*** Provided records ***

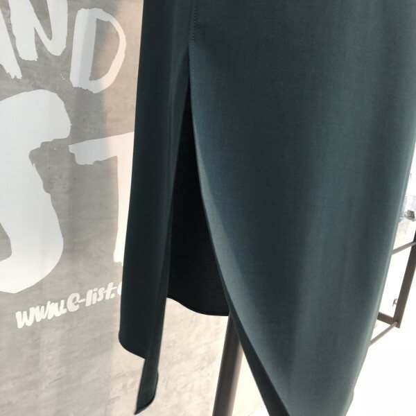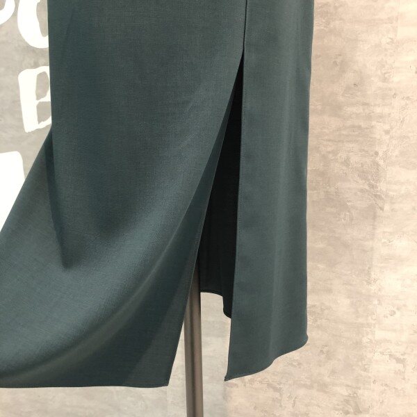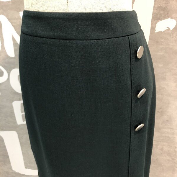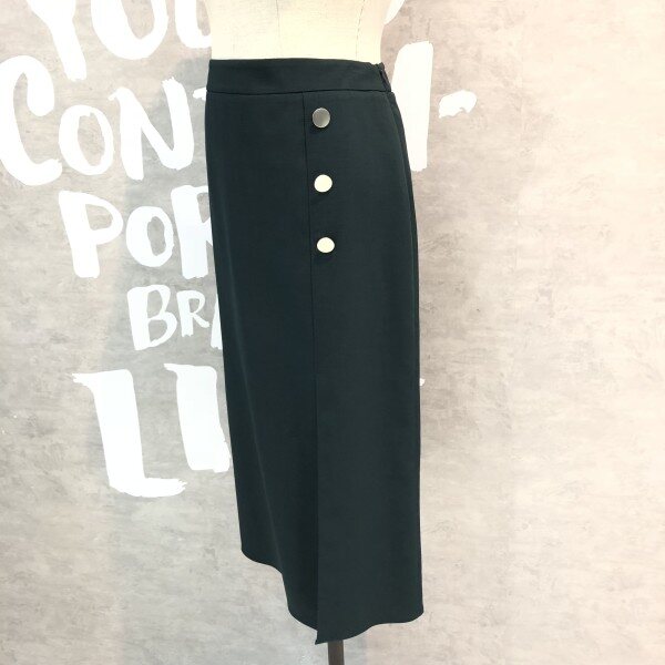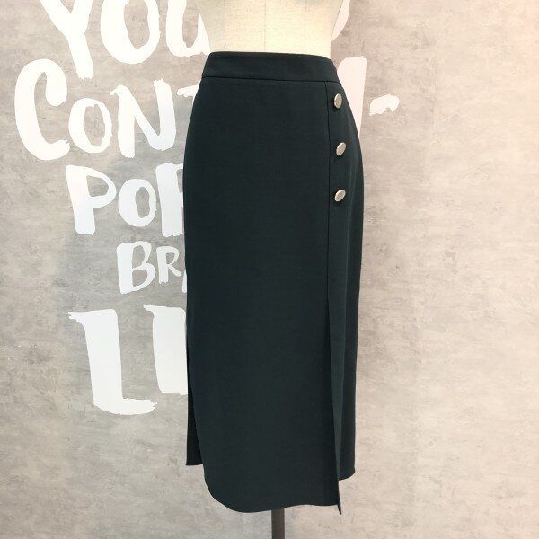 랩라이크 실루엣과 슬릿 디테일이 여성스러운 버튼 포인트 미디 스커트입니다
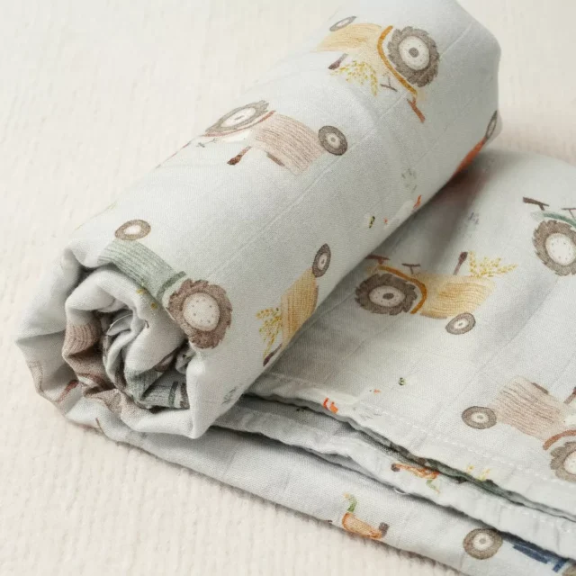Our swaddle blanket is made from a luxurious blend of bamboo fiber and cotton—two of nature’s softest and safest materials. The natural fibers offer excellent breathability, making it ideal for use during warm summers and chilly winters alike. Featuring adorable printed patterns, the blanket adds a touch of charm to every cuddle. With a generous size, it’s large enough to grow with your child through multiple stages, from swaddling as a newborn to use as a towel or light cover for toddlers and young kids.
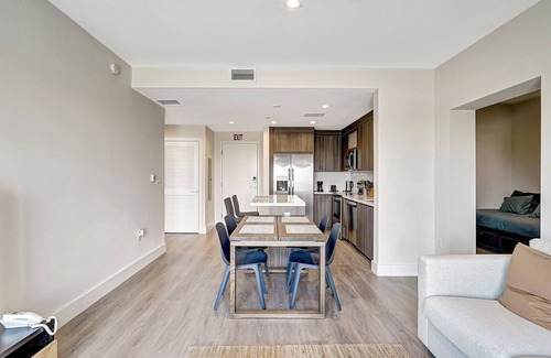 Experience Hollywood, FL from our modern 2-bedroom condo with a king-sized master suite and a cozy den with a daybed. Enjoy morning coffee or evening sunsets on the private balcony. Stay connected with free Wi-Fi and unwind with a Smart TV. Located just a 10-minute drive from the beach and vibrant local attractions. Ideal for a serene getaway!
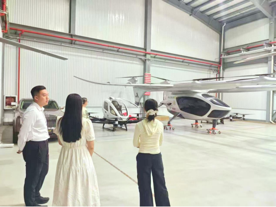 东部通航工作人员带领调研团参观了展厅,考察了eVTOL多款真机,并了解了各自的用途与优势,现有eVTOL的续航、充电时长等。知悉了eVTOL目前仍处于试验阶段,尚未实现规模化商业运营。
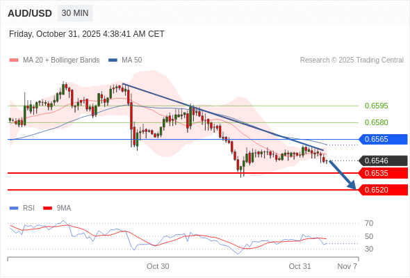 在 0.6565 之下,看跌,目标价位为 0.6535 ,然后为 0.6520 。
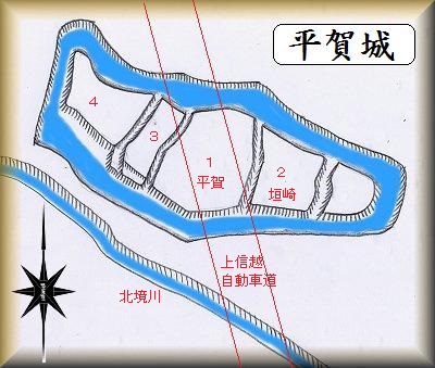 平賀城は上信越自動車道によって真っ二つに分断されており、googlemapの地図を見ると、吉田城跡(廃城)と示されている。吉田城という別称は、参考した資料には掲載されていないが、何にちなんだ名称なのであろう。

*** End of Provided records ***

### Exercise details
Starting at the line that contains "Our swaddle blanket", retype each line through the end of the data exactly, and leave out every picture.

### Reply
Our swaddle blanket is made from a luxurious blend of bamboo fiber and cotton—two of nature’s softest and safest materials. The natural fibers offer excellent breathability, making it ideal for use during warm summers and chilly winters alike. Featuring adorable printed patterns, the blanket adds a touch of charm to every cuddle. With a generous size, it’s large enough to grow with your child through multiple stages, from swaddling as a newborn to use as a towel or light cover for toddlers and young kids.
 Experience Hollywood, FL from our modern 2-bedroom condo with a king-sized master suite and a cozy den with a daybed. Enjoy morning coffee or evening sunsets on the private balcony. Stay connected with free Wi-Fi and unwind with a Smart TV. Located just a 10-minute drive from the beach and vibrant local attractions. Ideal for a serene getaway!
 东部通航工作人员带领调研团参观了展厅,考察了eVTOL多款真机,并了解了各自的用途与优势,现有eVTOL的续航、充电时长等。知悉了eVTOL目前仍处于试验阶段,尚未实现规模化商业运营。
 在 0.6565 之下,看跌,目标价位为 0.6535 ,然后为 0.6520 。
 平賀城は上信越自動車道によって真っ二つに分断されており、googlemapの地図を見ると、吉田城跡(廃城)と示されている。吉田城という別称は、参考した資料には掲載されていないが、何にちなんだ名称なのであろう。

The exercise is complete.